I don’t know why Care To Be Different and other sources stress the importance of the difference between Health Needs and Social Needs. I have never seen any convincing explanation of this difference, To me it is simple. Ignoring medication and medical procedures (which surely are health needs) all other needs are identical whatever description may be applied to them. Obviously they will vary in degree between patients and not all patients will have all needs, so some may be fully mobile, others will be able to feed themselves. Surely these needs are primary health needs if they are the direct cause of an underlying medical condition. Denying the relevance of the diagnosis, as the National Guidelines do, is a denial of common sense, a denial of the Coughlan judgement and a denial of justice.

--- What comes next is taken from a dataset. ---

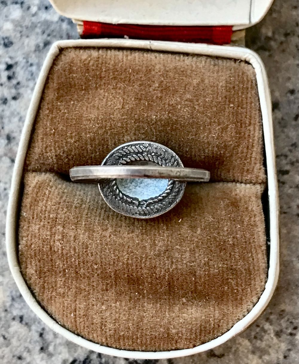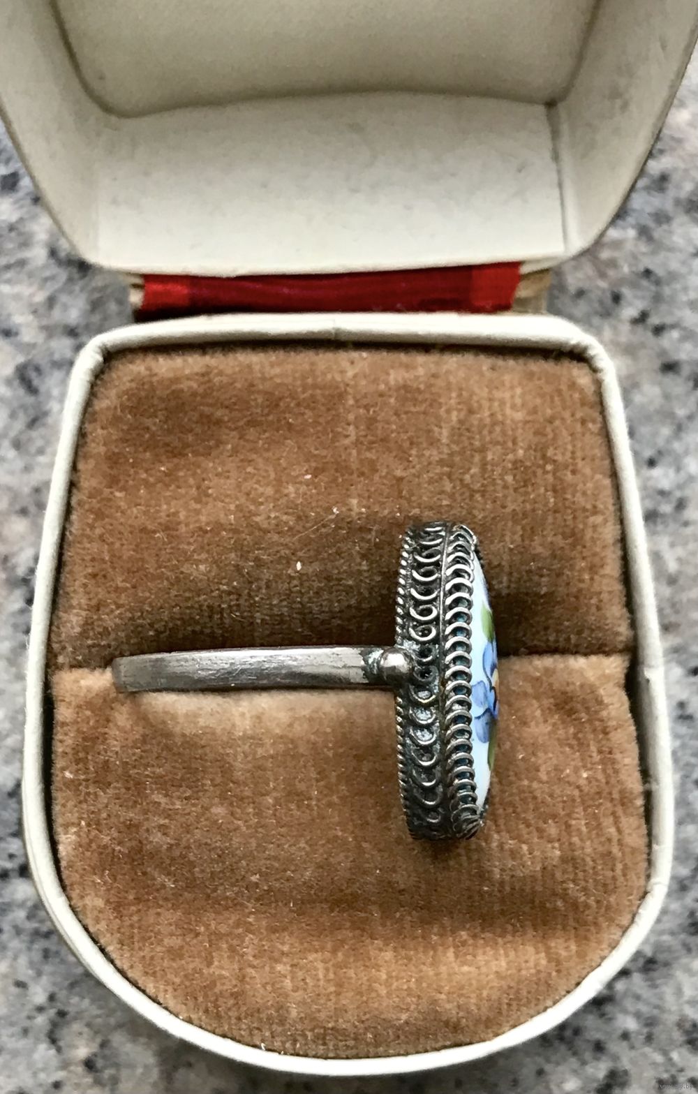 2.Винтажное кольцо из мельхиора со вставкой финифти. Высота центральной части 1,8см., вставка 1,5х0,7см. Размер 17-17,5. Состояние хорошее.

Take the case of Mr A in the example in the article above. He was assessed as meeting the CHC criteria on the basis of the complexity and intensity of his behaviour, has subsequently fractured his hip and is now bedbound; his dementia has advanced and he (is) no longer (able to) resist(s) necessary care. Have his care needs reduced? No. Being bed bound his needs have almost certainly increased. True they may be easier to meet because of lack of resistance and he may no longer present the same threat to his carers but that is because his medical condition has deteriorated. Is it truly justifiable or justice to reclassify his needs as no longer primarily medical when they have actually increased due to the progression of his medical condition? And he has been discharged by the Community Mental Health Team and is no longer under the care of the Community Psychiatric Nurse. Is this because his mental condition has been cured? No it’s because they consider that they can do nothing more to help him and probably because they want to reduce their case load to save money. It is certainly not indicative of an improved health condition nor of a reduction in Mr. A’s needs.

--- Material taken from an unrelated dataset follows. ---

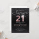 Modern Shhh, it's a surprise 21st birthday party invitation features stylish script and faux rose gold glitter number 21 and your party details on black glitter background colour, simple and elegant, great surprise adult milestone birthday invitation for men and women.

I hope that the Judicial Review will find the National Guidelines/DST unlawful in some important respects and decide that where the care needs are directly caused by the medical condition they are the responsibility of the NHS.

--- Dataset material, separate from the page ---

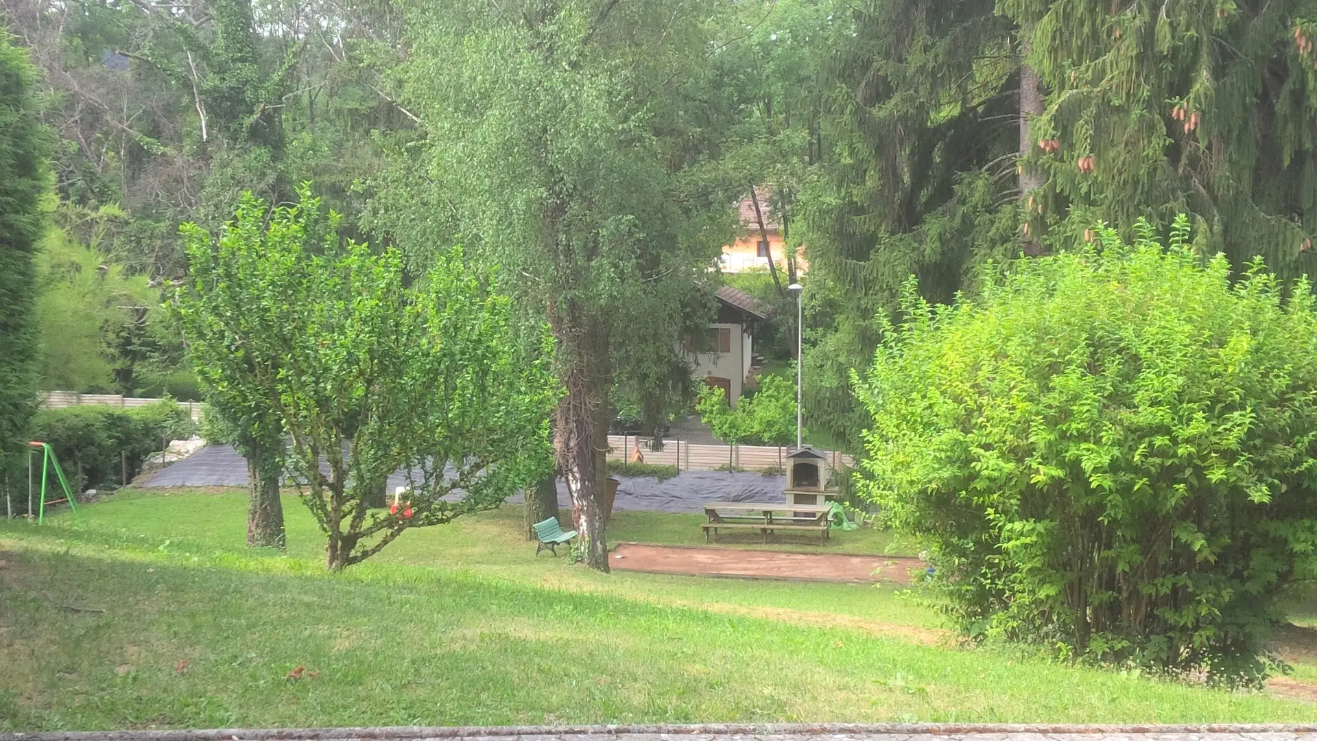 Parc commun avec espace-jeux (portique, jeux pour tout-petits et grands, tennis de table, terrain de boules etc...).

My relative has not yet had and is due for a first review. There were interminable delays and numerous breaches of the NG before and during the full assessment and I am fearful of the review. Mr. A’s (fictional) case is of great interest and concern to me for my relative’s condition has considerably worsened since the full assessment. In the year before that assessment blood was drawn on three occasions from carers and other people but my relative no longer has the mobility in her arms to be the same threat. In addition she has been discharged by her CPN because they consider they can do nothing more for her. And of course that is one less voice and vote for her in the MDT if it came to another assessment.
I have some useful information and correspondence which should be of interest to the Admiral’s legal team.
Thank you so much for the work you do. I am also stressed out by the thought of the next Review to be carried out.
I have contributed to the court case twice and will continue to do so.
It is an appalling system and people and relatives
affected by this should be so grateful for the unselfish work you do.